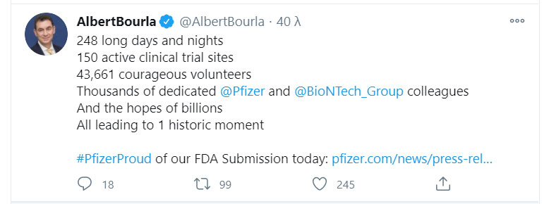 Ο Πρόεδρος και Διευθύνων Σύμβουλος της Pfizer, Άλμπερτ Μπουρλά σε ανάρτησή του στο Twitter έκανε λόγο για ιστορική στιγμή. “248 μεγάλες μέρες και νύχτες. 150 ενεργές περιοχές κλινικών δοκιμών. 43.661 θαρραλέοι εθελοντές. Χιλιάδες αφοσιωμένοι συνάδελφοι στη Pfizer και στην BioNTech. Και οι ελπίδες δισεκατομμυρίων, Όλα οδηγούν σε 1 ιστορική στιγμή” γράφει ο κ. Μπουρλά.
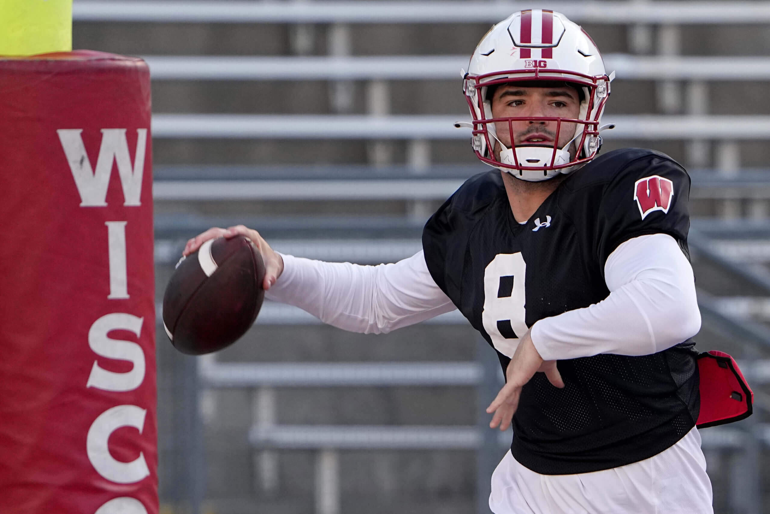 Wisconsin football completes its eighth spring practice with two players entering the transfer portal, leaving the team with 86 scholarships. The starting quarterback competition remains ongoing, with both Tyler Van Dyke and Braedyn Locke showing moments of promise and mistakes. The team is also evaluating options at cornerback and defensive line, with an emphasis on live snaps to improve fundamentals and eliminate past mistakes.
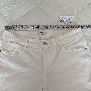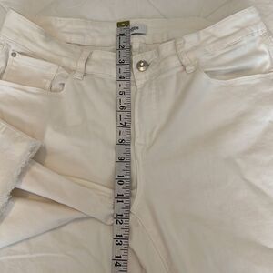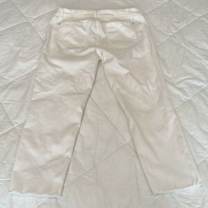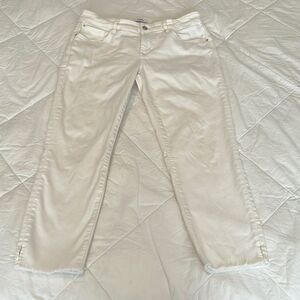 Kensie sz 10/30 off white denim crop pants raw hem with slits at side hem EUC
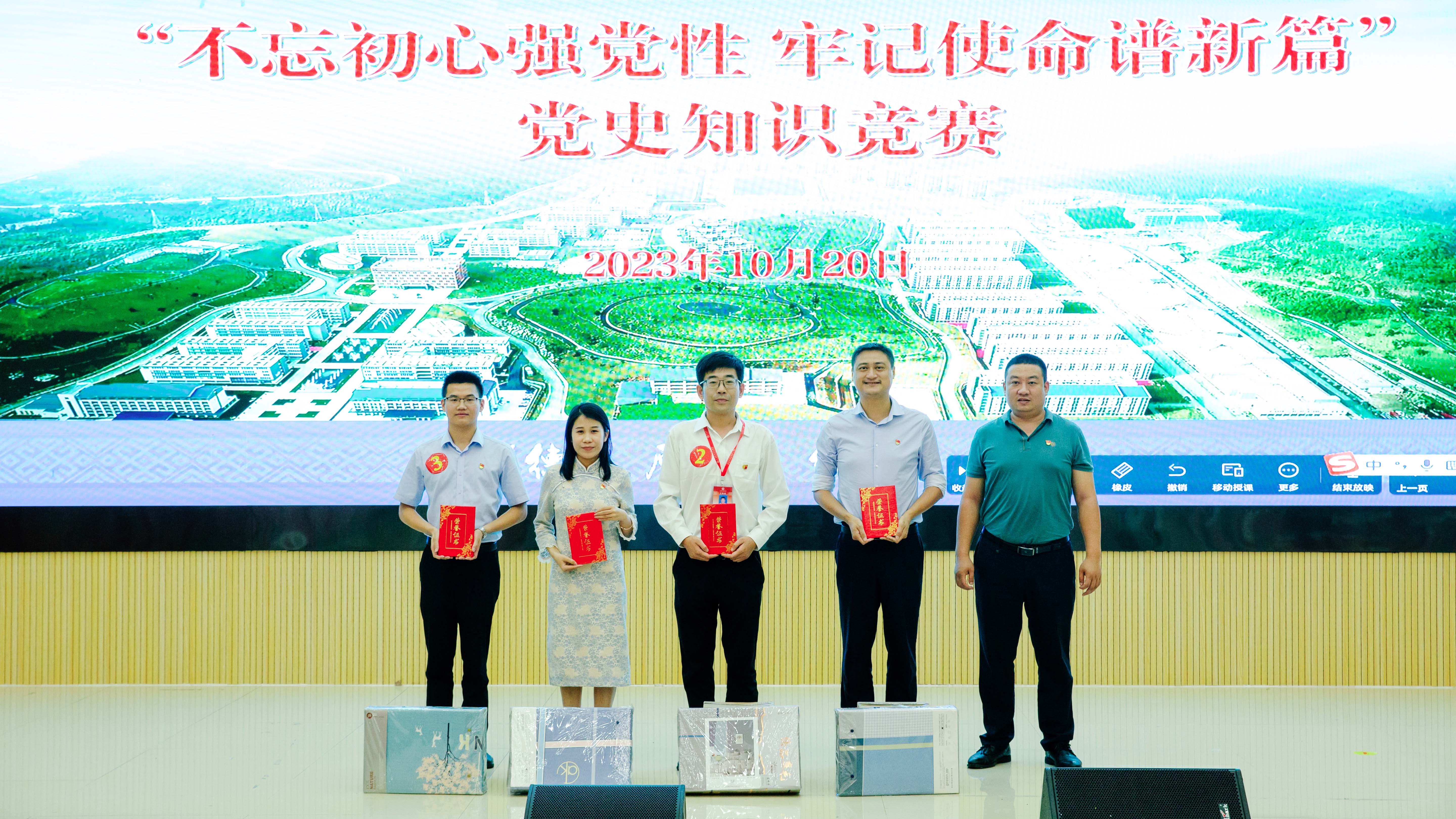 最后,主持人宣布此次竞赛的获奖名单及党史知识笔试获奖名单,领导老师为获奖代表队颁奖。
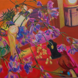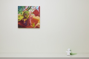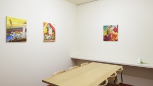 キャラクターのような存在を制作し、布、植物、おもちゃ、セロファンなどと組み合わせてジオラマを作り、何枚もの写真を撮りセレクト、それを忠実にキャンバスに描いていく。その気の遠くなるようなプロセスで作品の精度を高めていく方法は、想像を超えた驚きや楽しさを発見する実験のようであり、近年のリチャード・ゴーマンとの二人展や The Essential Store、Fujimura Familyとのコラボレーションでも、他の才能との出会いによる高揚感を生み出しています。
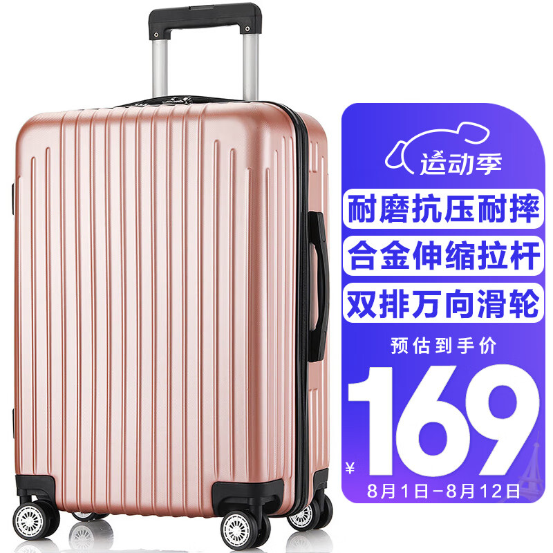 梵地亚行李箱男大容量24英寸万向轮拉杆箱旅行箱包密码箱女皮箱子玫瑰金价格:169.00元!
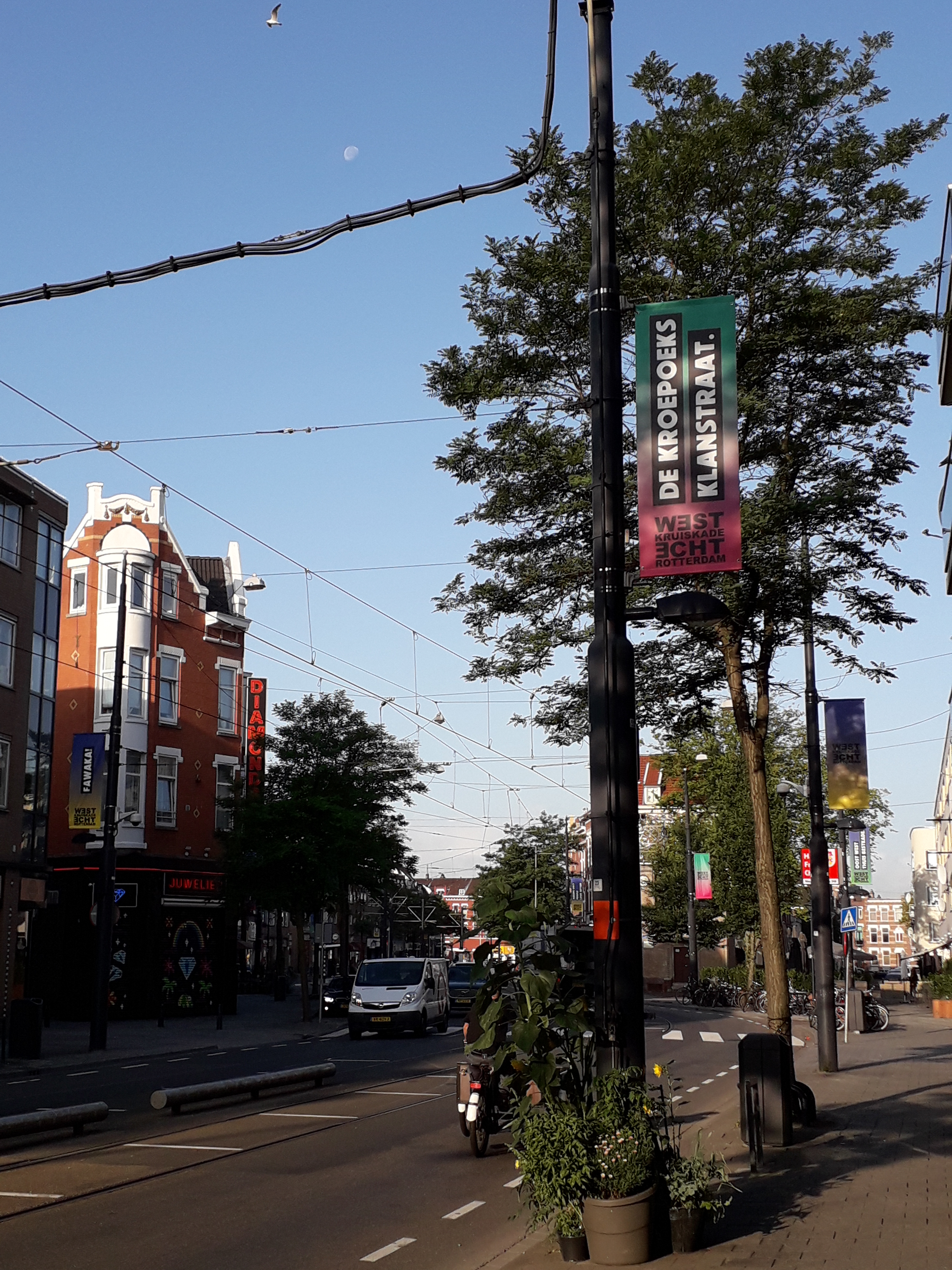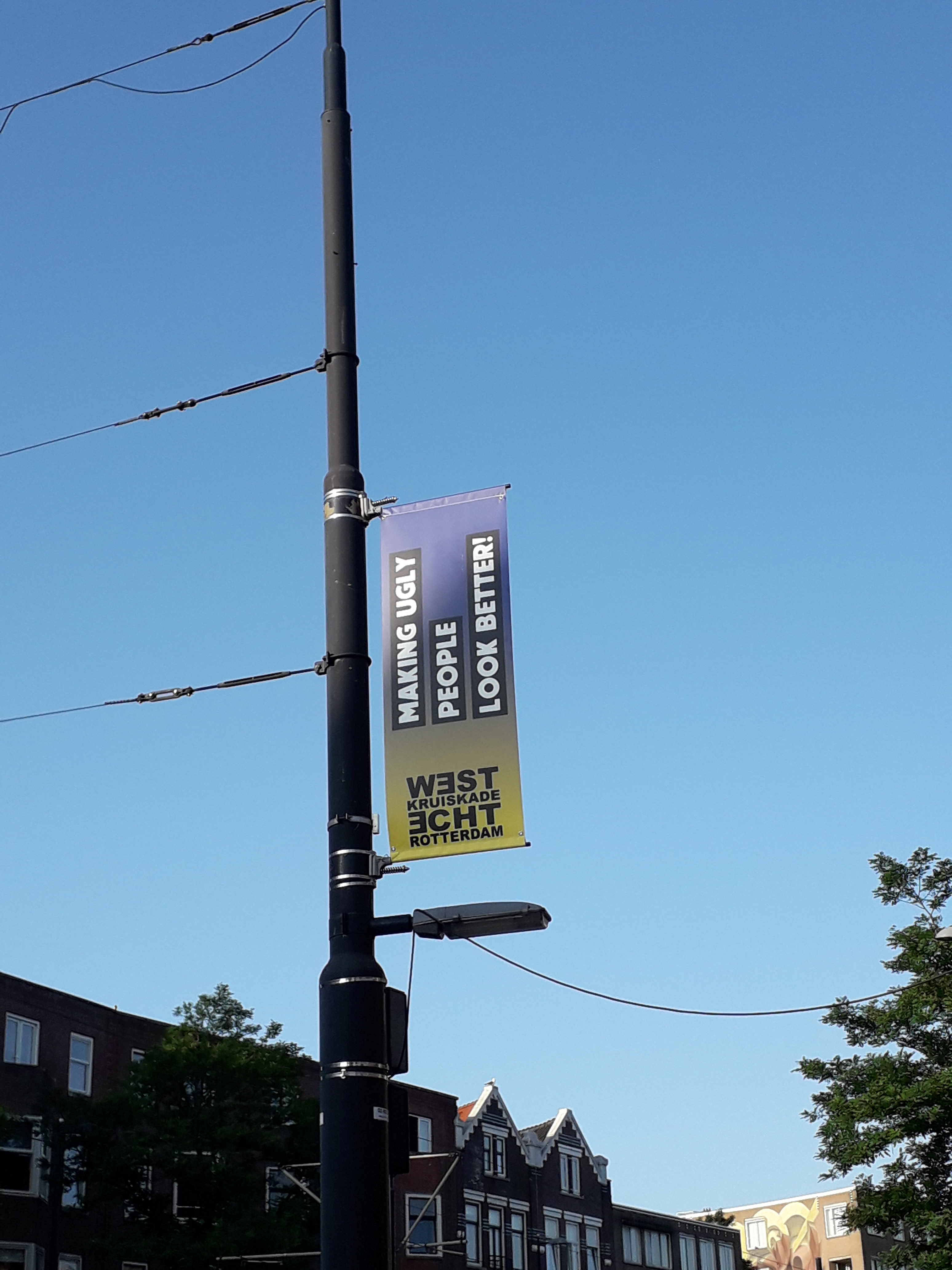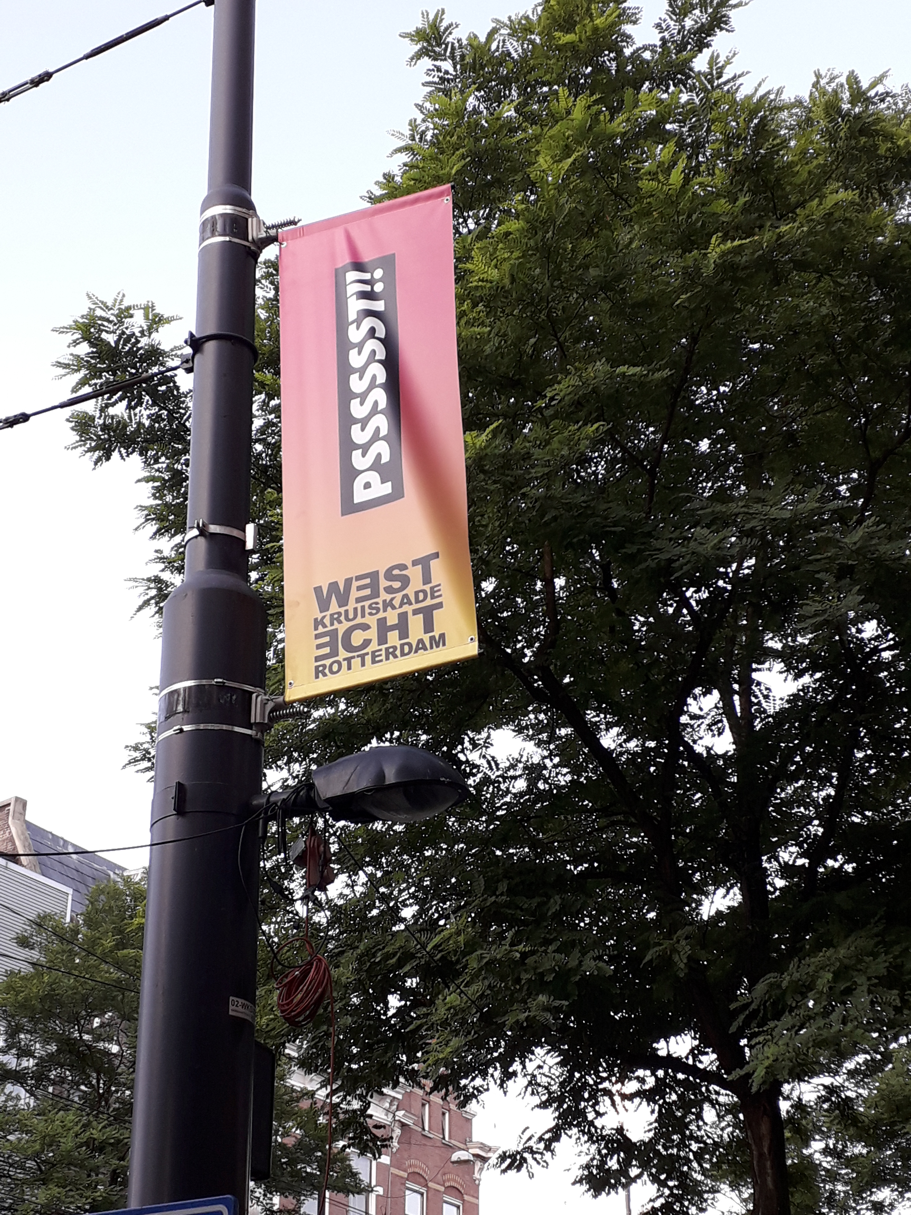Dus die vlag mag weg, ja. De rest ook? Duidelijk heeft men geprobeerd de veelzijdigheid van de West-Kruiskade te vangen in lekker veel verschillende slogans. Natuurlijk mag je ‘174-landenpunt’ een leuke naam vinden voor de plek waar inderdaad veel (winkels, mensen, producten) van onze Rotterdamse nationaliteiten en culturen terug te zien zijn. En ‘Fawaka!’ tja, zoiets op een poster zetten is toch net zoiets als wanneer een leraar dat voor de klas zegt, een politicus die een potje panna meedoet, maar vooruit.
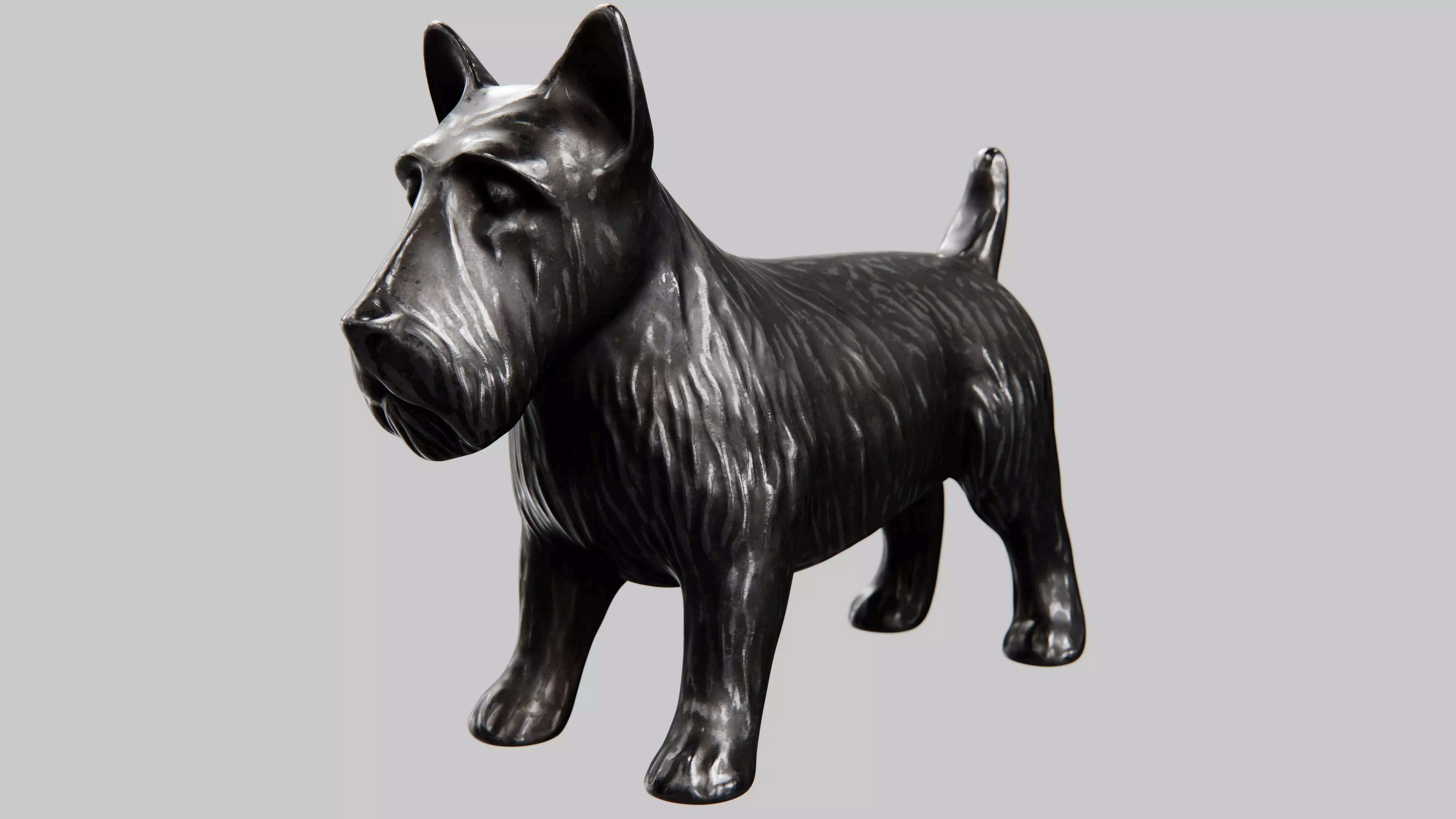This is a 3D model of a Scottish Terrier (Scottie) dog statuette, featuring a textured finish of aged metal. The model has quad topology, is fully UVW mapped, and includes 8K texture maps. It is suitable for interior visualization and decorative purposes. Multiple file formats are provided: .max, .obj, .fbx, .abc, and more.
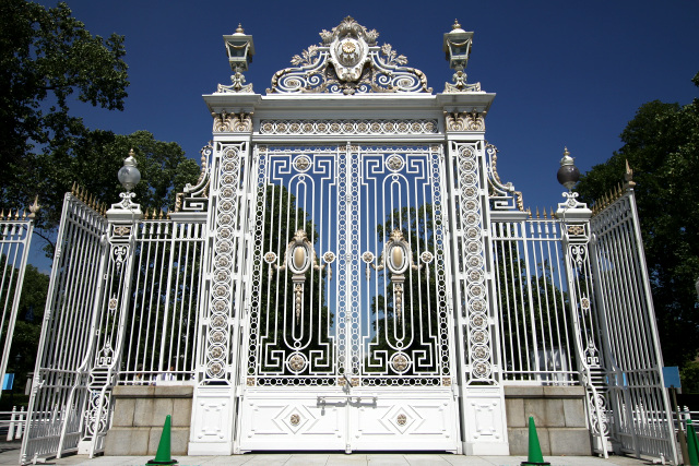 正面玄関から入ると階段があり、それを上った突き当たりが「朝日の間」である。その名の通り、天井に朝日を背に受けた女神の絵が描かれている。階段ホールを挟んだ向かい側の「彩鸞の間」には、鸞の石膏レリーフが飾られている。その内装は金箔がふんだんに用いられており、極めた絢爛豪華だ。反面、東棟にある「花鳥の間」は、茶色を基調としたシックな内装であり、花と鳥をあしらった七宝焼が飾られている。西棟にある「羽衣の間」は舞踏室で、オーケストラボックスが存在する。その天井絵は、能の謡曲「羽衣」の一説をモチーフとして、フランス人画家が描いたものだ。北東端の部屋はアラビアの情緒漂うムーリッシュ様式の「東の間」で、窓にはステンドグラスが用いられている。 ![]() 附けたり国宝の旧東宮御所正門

########

• _Exercise requirements_: Starting at the first line of the listing above, write out each line exactly and nothing else until you reach the line containing "梵地亚行李箱男大容量24英寸", which is included as well; omit all pictures.

• _Task solution_:
 Ο Πρόεδρος και Διευθύνων Σύμβουλος της Pfizer, Άλμπερτ Μπουρλά σε ανάρτησή του στο Twitter έκανε λόγο για ιστορική στιγμή. “248 μεγάλες μέρες και νύχτες. 150 ενεργές περιοχές κλινικών δοκιμών. 43.661 θαρραλέοι εθελοντές. Χιλιάδες αφοσιωμένοι συνάδελφοι στη Pfizer και στην BioNTech. Και οι ελπίδες δισεκατομμυρίων, Όλα οδηγούν σε 1 ιστορική στιγμή” γράφει ο κ. Μπουρλά.
 Wisconsin football completes its eighth spring practice with two players entering the transfer portal, leaving the team with 86 scholarships. The starting quarterback competition remains ongoing, with both Tyler Van Dyke and Braedyn Locke showing moments of promise and mistakes. The team is also evaluating options at cornerback and defensive line, with an emphasis on live snaps to improve fundamentals and eliminate past mistakes.
 Kensie sz 10/30 off white denim crop pants raw hem with slits at side hem EUC
 最后,主持人宣布此次竞赛的获奖名单及党史知识笔试获奖名单,领导老师为获奖代表队颁奖。
 キャラクターのような存在を制作し、布、植物、おもちゃ、セロファンなどと組み合わせてジオラマを作り、何枚もの写真を撮りセレクト、それを忠実にキャンバスに描いていく。その気の遠くなるようなプロセスで作品の精度を高めていく方法は、想像を超えた驚きや楽しさを発見する実験のようであり、近年のリチャード・ゴーマンとの二人展や The Essential Store、Fujimura Familyとのコラボレーションでも、他の才能との出会いによる高揚感を生み出しています。
 梵地亚行李箱男大容量24英寸万向轮拉杆箱旅行箱包密码箱女皮箱子玫瑰金价格:169.00元!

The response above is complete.